PROBLEM TO SOLVE
In the material below, find the line with "分数线低于510分能上的水利" and the line with "黄金目前开始高位震荡,建议控". Output exactly those two lines and all lines between them, leaving out pictures.
BEGIN DATA SUPPLIED
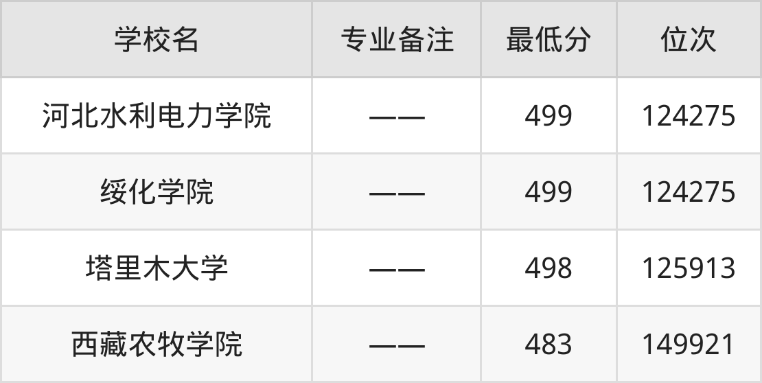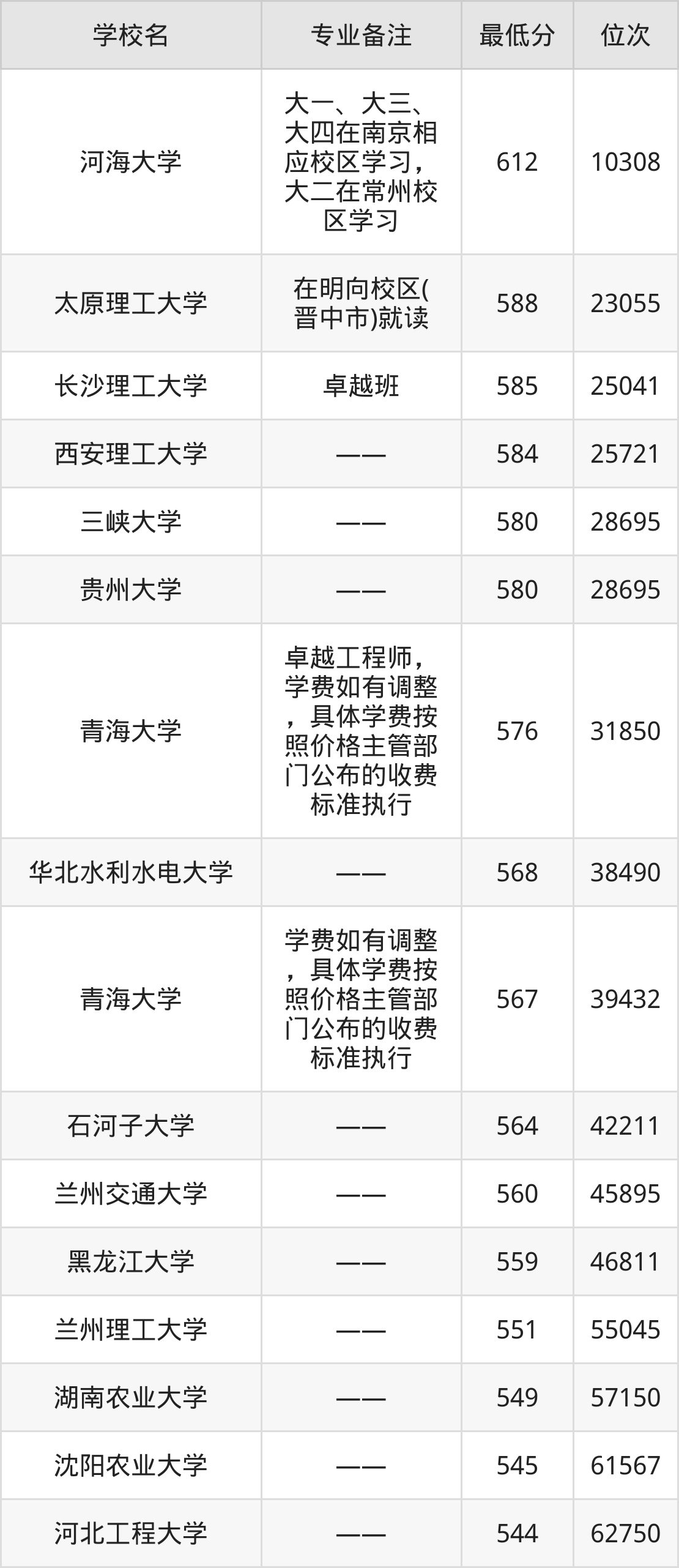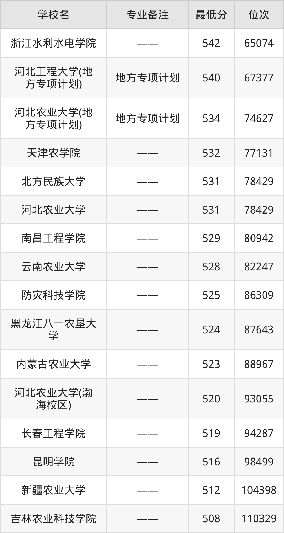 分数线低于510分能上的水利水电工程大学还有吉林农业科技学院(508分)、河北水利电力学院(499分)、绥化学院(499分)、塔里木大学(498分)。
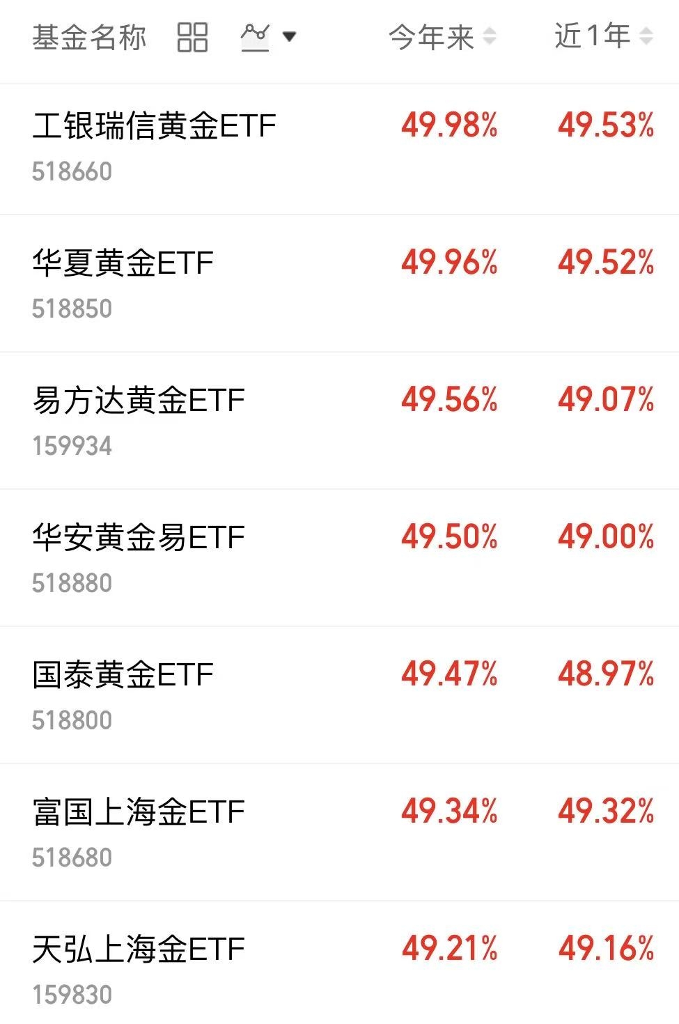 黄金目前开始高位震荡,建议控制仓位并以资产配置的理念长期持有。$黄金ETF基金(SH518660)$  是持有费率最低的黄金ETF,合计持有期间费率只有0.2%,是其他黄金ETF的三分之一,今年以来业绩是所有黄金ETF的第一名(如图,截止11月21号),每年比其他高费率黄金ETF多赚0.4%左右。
END DATA SUPPLIED
BEGIN DATA SUPPLIED
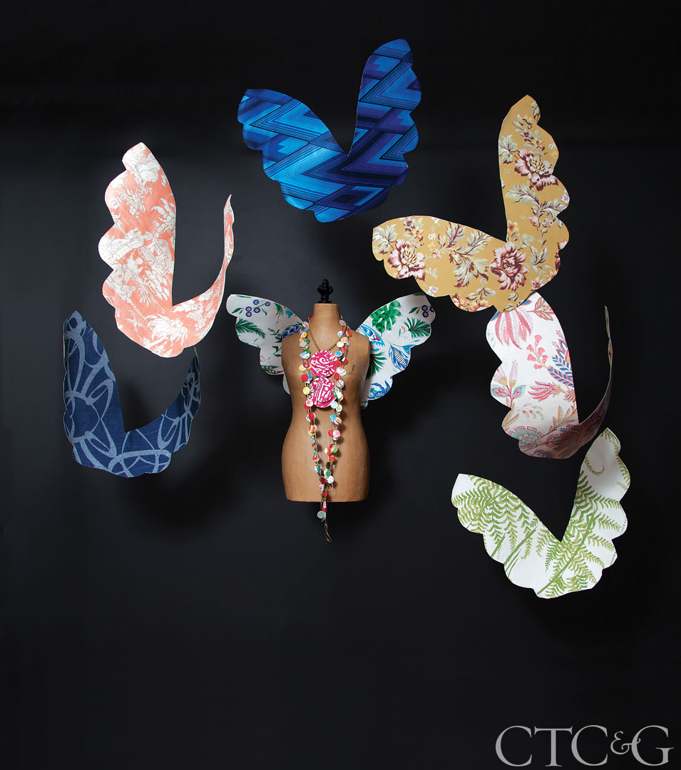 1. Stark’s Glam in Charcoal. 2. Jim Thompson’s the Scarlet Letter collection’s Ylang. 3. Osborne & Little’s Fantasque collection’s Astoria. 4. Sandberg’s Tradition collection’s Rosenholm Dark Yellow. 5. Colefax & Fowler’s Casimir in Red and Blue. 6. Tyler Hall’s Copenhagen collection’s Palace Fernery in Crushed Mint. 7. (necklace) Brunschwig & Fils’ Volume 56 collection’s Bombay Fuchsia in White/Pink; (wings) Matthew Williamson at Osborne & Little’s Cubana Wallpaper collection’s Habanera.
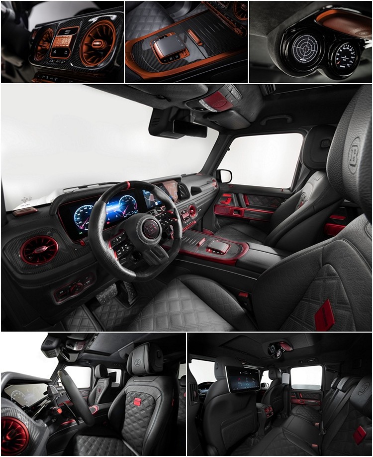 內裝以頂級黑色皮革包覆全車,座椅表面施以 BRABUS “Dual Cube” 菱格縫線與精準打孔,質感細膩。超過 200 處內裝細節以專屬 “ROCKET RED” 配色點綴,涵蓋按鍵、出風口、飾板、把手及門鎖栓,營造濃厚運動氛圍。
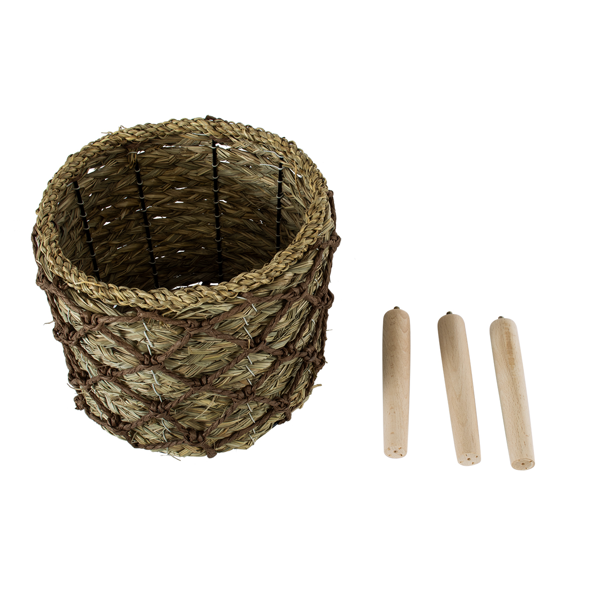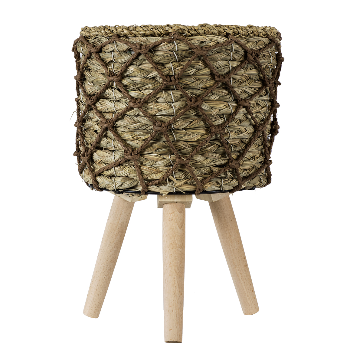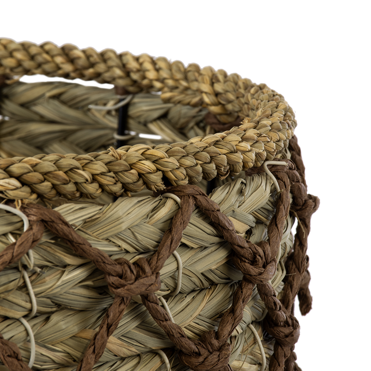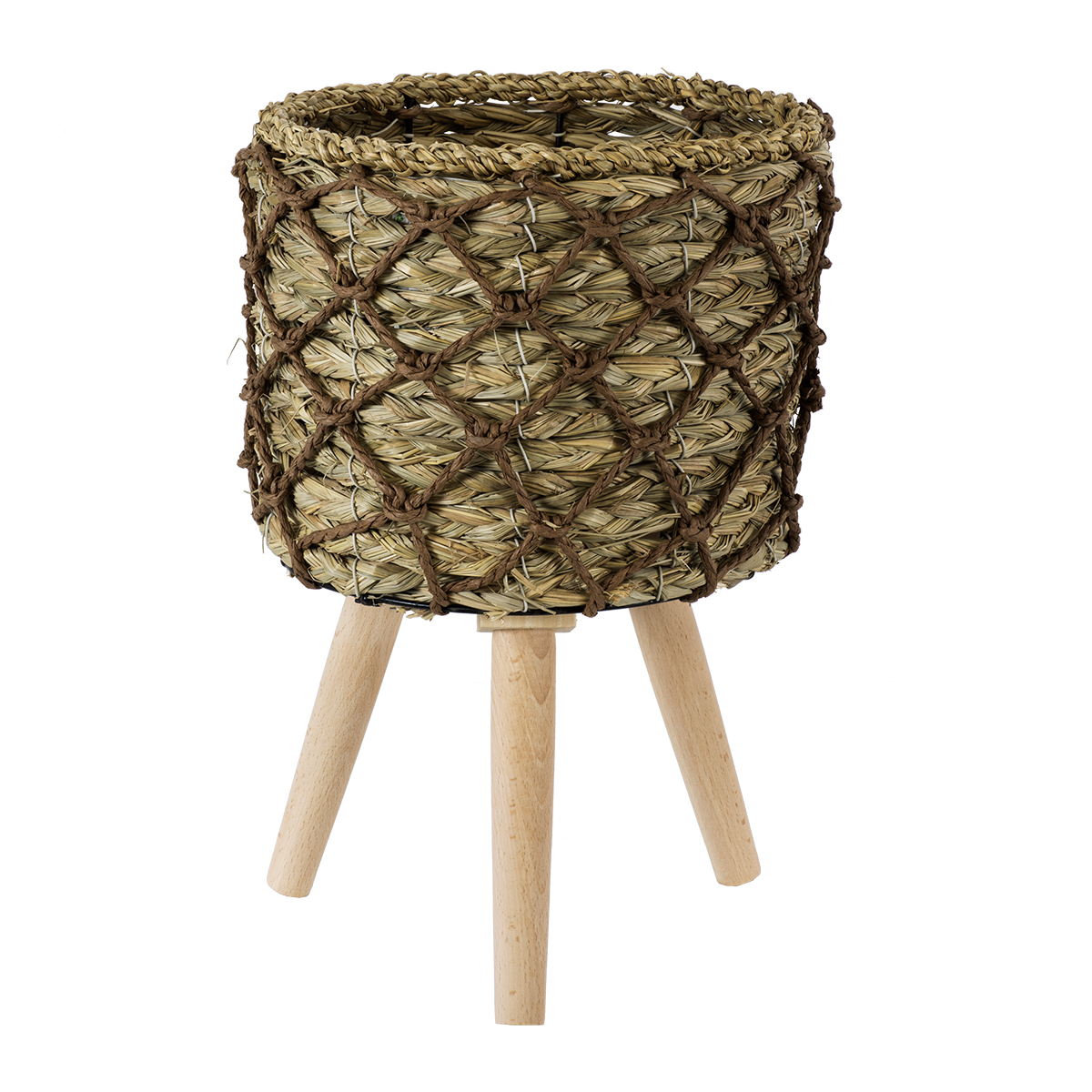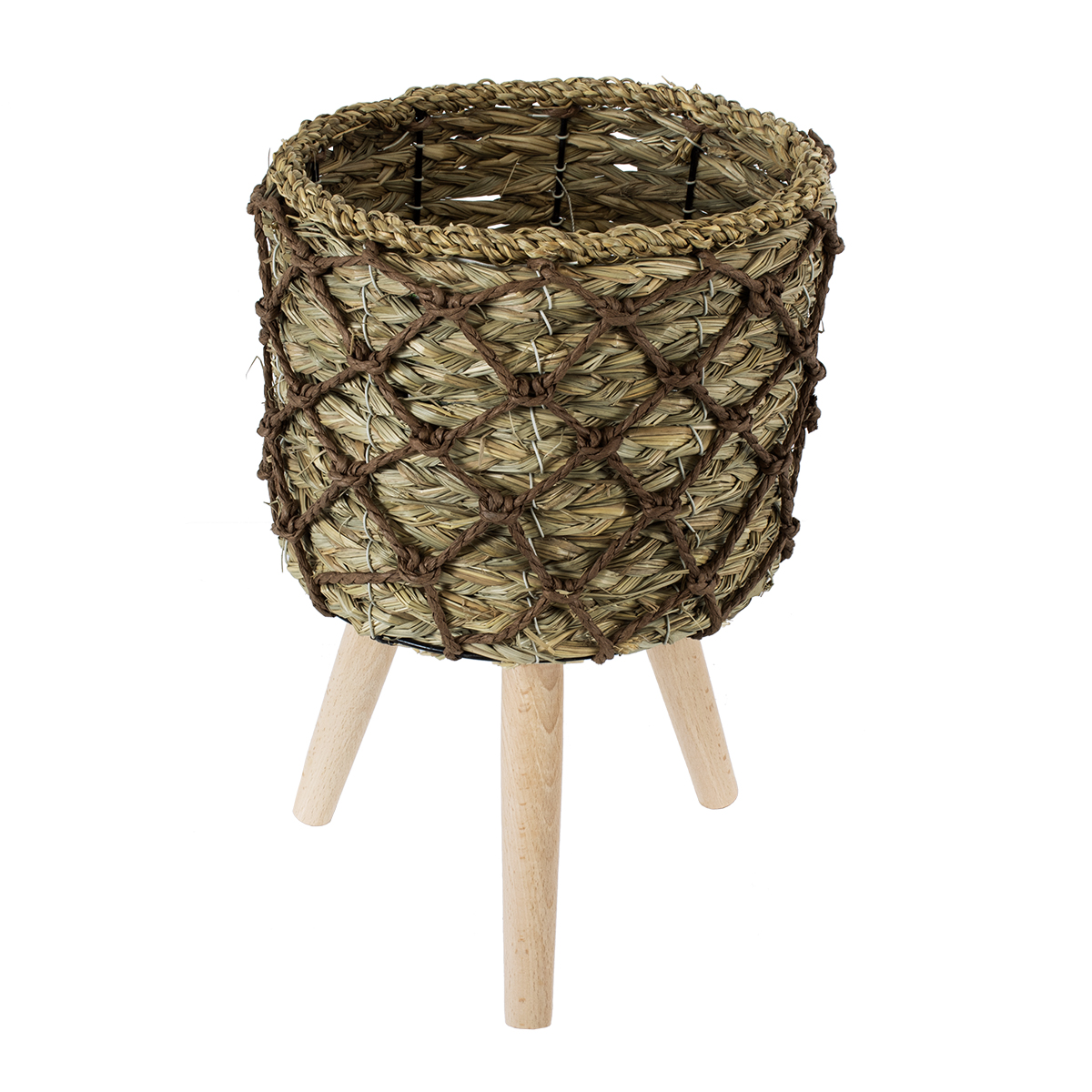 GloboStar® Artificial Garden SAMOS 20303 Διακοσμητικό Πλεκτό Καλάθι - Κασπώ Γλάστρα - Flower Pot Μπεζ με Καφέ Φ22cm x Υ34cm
END DATA SUPPLIED
WRITTEN RESPONSE
 分数线低于510分能上的水利水电工程大学还有吉林农业科技学院(508分)、河北水利电力学院(499分)、绥化学院(499分)、塔里木大学(498分)。
 黄金目前开始高位震荡,建议控制仓位并以资产配置的理念长期持有。$黄金ETF基金(SH518660)$  是持有费率最低的黄金ETF,合计持有期间费率只有0.2%,是其他黄金ETF的三分之一,今年以来业绩是所有黄金ETF的第一名(如图,截止11月21号),每年比其他高费率黄金ETF多赚0.4%左右。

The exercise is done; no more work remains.